The 8 December UK-EU Agreement: A victory for pragmatism, logic and a sensible Brexit
The joint report from the EU and UK on their Brexit negotiations is a positive step forward by any reasonable measure. It shows significant progress on the rights of foreign citizens and on the financial settlement, and while practical challenges remain, the principles for addressing the Northern Ireland conundrum are now established.
EU citizens exercising their rights to live in other parts of the EU as at 30 March 2019 – whether Continentals in the UK or UK citizens living in the remaining EU – will have these rights guaranteed to continue. Furthermore there are allowances for family members to join the right-holder in their country of residence even after 2019, and the right-holder can be absent from the country for up to five years without losing their rights
(So, for example, a French person living in Britain in 2019 could leave in 2020 and would have the right to return anytime up to 2025 to reclaim their residence rights).

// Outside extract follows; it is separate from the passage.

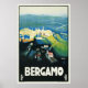 Reproduction print of a vintage travel poster promoting tourism to Bergamo, Italy. Very rare, expertly restored. This art piece would look great when framed in the home, office, bar, cafe, pub or restaurant! Please customize the poster size, texture, border and/or frame to suit your taste.

There are also important provisions for claiming pensions and social security benefits. Essentially this agreement creates a high degree of “freedom of movement”, at least for those resident abroad on 30 March 2019. What happens to citizens who wish to move abroad after that date will be a matter for each government’s immigration laws to decide.
The UK will continue to pay in to the Commission’s budget until the end of 2020 as if it were still an EU Member State. While there are some concessions on both sides, in the main the UK has agreed to most of the financial demands of the EU side. While the document today sets out principles, not figures, we can expect that the final figure will be close to the upper estimates for the “divorce bill”.
The financial settlement will be drawn up and paid in the Euro currency. During the Exchange Rate Mechanism (ERM) fiasco of 1992, the British currency was manipulated by currency speculators betting that the Bank of England would be unable to meet its ERM commitments. Today’s situation is of course different, but there is the potential for currency speculators to once again “game the system” and bet on Sterling’s value movements as the exit date looms.
The Good Friday peace deal of 1998 set out principles including for an open border with the Republic of Ireland and a “whole island economy”. With Northern Ireland now leaving the EU, this presents a challenge. The UK will have an open border with the EU, and if UK and EU market rules and customs arrangements diverge, Belfast will have to either break from the UK market rules (this is anathema to the Unionists) or follow the UK rules (breaking the “whole island economy” principle).
Today’s agreement essentially establishes the paramountcy of the Good Friday agreements. The document released today states that “any future arrangements must be compatible with these overarching requirements [of the Good Friday deal]”.
Importantly, the document states that “in all circumstances, the United Kingdom will continue to ensure the same unfettered access for Northern Ireland’s business to the whole of the United Kingdom internal market” and “in the absence of agreed solutions, the United Kingdom will maintain full alignment with those rules of the Internal Market [of the EU] and the [EU] Customs Union which, now or in the future, support North-South cooperation, the all-island economy and the protection of the 1998 Agreement.”
In other words, the whole of the UK will stay under EU market rules if it has to do so, in order to preserve the Ulster peace deal. This is a sensible solution, but one that might raise the ire of those hard Brexiteers who thought we could wave goodbye to EU market rules forever. This clause also could possibly help the UK’s market access and compatibility with the EU.
This is good news for the economy, and an admission that the ideology of an absolute divorce from EU rules is simply not a feasible option for an integrated, open, modern economy such as ours.
In short, the deal is practical and thoughtful and should buy Theresa May some genuine political credit.